- _AVAILABLE DATA_
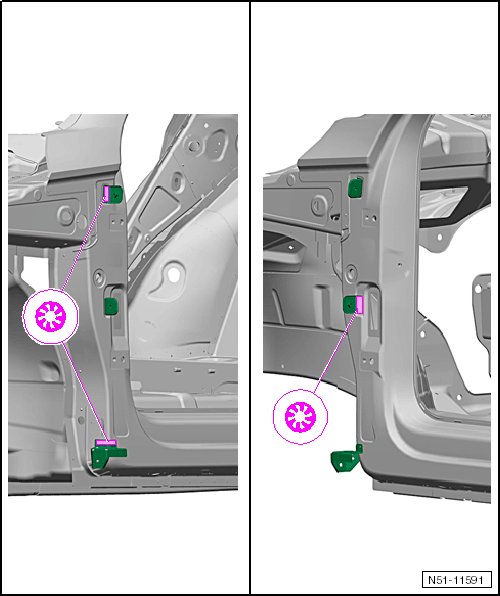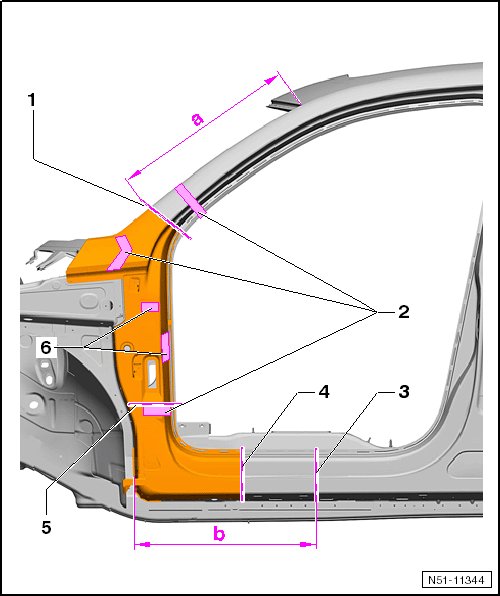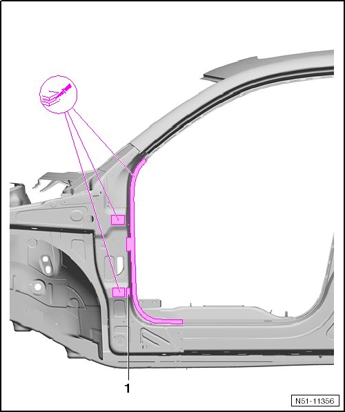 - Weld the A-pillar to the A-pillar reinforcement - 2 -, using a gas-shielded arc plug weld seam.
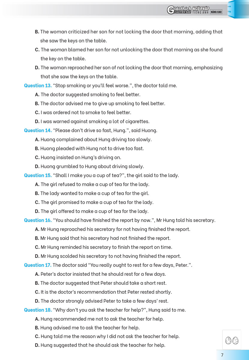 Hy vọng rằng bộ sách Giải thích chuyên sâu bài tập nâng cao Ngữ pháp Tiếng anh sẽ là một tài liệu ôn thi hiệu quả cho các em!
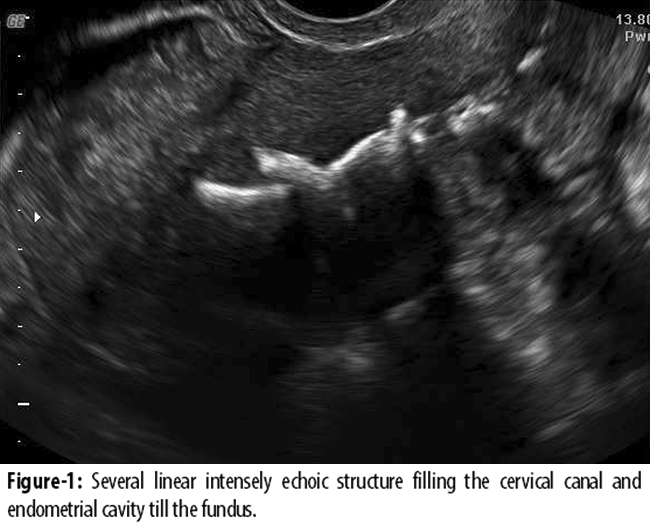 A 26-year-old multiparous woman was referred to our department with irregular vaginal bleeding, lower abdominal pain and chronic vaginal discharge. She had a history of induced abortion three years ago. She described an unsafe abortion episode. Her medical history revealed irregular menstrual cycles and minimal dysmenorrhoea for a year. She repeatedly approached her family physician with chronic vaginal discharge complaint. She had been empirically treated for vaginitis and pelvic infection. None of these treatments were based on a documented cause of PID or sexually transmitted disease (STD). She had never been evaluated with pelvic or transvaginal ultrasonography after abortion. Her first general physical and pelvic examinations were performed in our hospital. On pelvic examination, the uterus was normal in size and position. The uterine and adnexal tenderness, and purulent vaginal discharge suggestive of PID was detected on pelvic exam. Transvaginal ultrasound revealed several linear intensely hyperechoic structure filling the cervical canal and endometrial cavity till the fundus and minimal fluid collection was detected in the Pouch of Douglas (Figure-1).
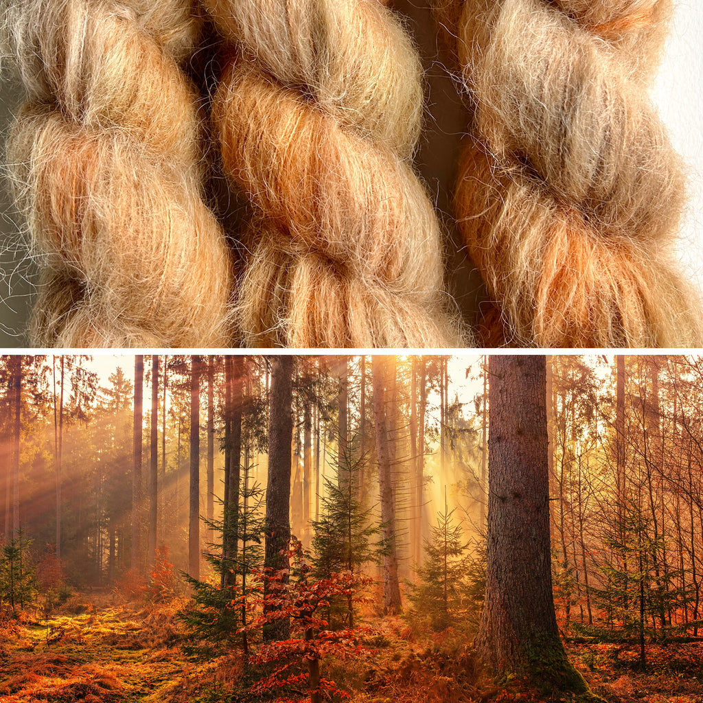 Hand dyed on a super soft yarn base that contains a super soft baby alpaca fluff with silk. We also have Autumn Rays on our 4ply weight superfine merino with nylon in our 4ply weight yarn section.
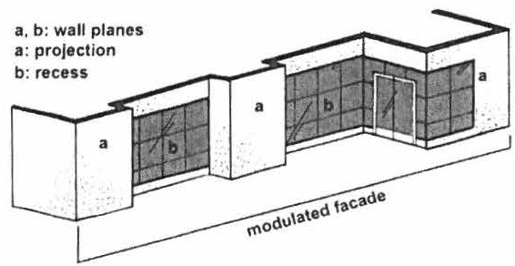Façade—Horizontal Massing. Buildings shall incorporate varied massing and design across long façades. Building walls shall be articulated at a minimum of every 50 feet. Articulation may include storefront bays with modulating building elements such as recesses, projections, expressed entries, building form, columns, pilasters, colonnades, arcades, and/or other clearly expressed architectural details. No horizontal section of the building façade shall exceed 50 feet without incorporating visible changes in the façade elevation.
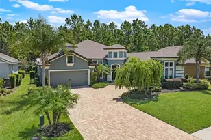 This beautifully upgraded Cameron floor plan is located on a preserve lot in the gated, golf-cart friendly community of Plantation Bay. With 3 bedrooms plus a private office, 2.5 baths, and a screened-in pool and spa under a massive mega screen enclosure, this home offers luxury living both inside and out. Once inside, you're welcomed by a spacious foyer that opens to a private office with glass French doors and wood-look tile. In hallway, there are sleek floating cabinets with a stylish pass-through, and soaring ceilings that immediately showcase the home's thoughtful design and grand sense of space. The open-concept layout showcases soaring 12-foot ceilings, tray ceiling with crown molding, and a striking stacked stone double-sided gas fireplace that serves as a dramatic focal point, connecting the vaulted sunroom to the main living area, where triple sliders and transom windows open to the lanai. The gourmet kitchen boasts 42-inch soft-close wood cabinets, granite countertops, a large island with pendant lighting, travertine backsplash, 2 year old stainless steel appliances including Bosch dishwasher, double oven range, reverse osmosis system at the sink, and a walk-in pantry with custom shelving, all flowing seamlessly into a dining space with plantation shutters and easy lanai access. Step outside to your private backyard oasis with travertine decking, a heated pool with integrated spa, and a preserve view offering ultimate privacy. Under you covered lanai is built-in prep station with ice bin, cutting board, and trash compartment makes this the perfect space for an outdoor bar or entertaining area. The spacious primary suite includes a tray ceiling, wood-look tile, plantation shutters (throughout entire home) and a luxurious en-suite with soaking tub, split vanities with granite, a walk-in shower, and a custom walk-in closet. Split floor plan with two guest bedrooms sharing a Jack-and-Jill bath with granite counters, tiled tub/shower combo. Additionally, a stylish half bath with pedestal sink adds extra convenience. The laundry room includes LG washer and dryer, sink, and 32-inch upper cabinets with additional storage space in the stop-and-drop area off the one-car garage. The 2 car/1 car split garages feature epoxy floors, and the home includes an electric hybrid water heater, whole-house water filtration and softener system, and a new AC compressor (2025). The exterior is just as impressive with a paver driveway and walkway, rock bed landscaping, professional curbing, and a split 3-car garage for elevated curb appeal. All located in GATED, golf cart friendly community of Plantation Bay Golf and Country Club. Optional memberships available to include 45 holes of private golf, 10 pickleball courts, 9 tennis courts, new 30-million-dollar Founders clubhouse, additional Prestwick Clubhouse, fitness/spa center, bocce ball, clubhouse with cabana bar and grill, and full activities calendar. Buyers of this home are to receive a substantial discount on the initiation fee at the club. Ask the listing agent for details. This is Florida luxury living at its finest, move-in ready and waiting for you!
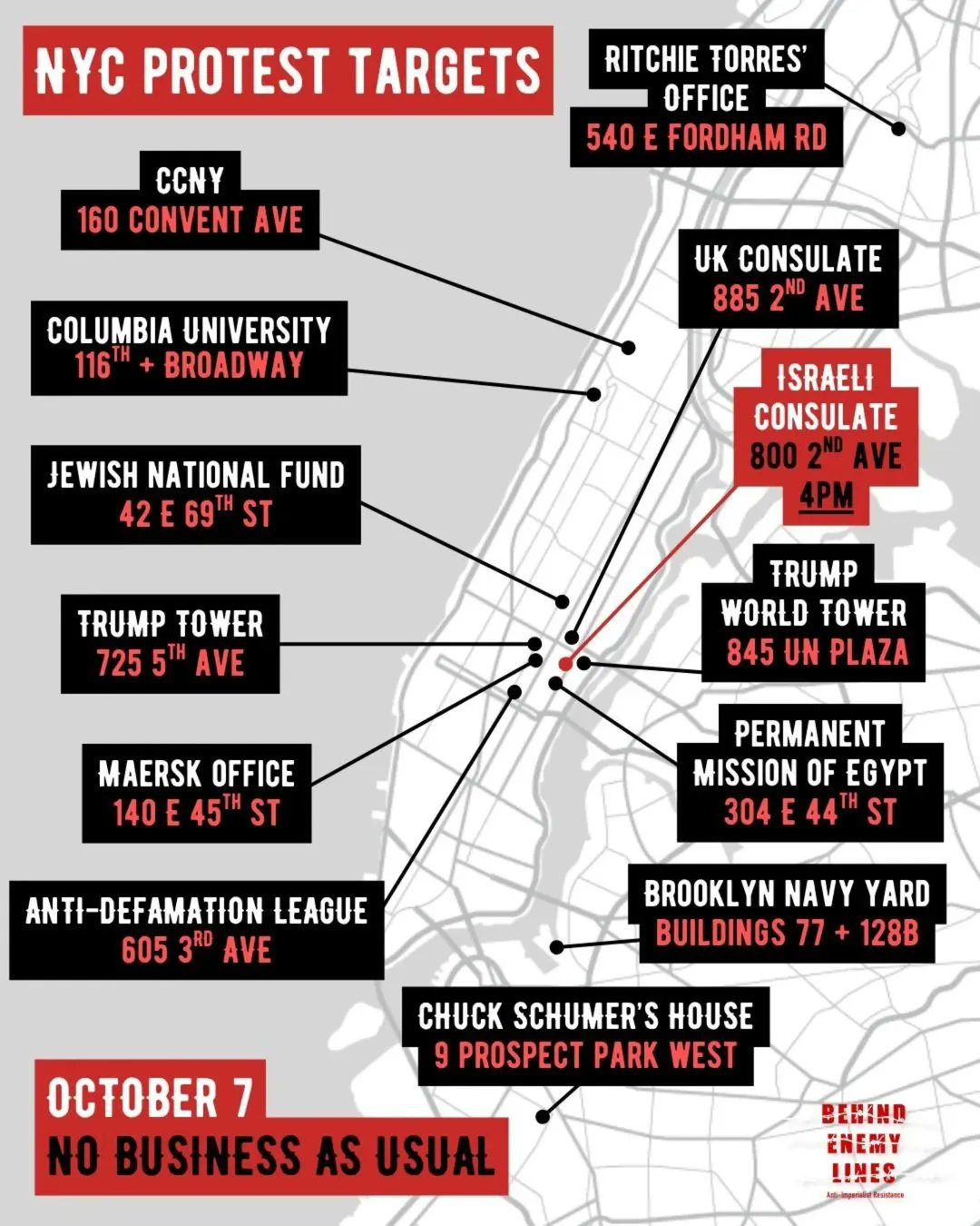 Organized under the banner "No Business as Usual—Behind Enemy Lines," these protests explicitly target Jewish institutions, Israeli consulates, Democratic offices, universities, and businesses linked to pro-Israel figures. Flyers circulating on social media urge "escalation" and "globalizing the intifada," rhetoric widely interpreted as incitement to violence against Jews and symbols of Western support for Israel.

- _TO DO_
The output is the lines from the start of the data above through the line containing "Hy vọng rằng", unchanged, with any picture left out.

- _EXERCISE SOLUTION_
 - Weld the A-pillar to the A-pillar reinforcement - 2 -, using a gas-shielded arc plug weld seam.
 Hy vọng rằng bộ sách Giải thích chuyên sâu bài tập nâng cao Ngữ pháp Tiếng anh sẽ là một tài liệu ôn thi hiệu quả cho các em!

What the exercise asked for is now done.